AIM OF THE TASK: Copy, exactly and without additions, every line in the records below from the one holding "Hatay Büyükşehir Belediyesi" through the one holding "随后,世界田联赛事总监马顿·", both ends included.

EXERCISE MATERIAL:
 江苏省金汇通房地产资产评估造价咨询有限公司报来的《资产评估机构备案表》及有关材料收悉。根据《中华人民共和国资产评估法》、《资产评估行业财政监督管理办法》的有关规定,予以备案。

* * *

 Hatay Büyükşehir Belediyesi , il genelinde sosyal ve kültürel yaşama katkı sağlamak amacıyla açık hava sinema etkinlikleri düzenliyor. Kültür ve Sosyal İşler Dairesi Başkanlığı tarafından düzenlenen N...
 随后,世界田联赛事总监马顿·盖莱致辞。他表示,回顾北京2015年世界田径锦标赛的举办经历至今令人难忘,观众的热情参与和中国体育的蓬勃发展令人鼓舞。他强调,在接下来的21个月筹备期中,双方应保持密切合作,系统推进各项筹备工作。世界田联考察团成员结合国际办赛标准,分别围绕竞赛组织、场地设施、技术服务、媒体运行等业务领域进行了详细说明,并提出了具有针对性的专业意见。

TASK RESULT:
 Hatay Büyükşehir Belediyesi , il genelinde sosyal ve kültürel yaşama katkı sağlamak amacıyla açık hava sinema etkinlikleri düzenliyor. Kültür ve Sosyal İşler Dairesi Başkanlığı tarafından düzenlenen N...
 随后,世界田联赛事总监马顿·盖莱致辞。他表示,回顾北京2015年世界田径锦标赛的举办经历至今令人难忘,观众的热情参与和中国体育的蓬勃发展令人鼓舞。他强调,在接下来的21个月筹备期中,双方应保持密切合作,系统推进各项筹备工作。世界田联考察团成员结合国际办赛标准,分别围绕竞赛组织、场地设施、技术服务、媒体运行等业务领域进行了详细说明,并提出了具有针对性的专业意见。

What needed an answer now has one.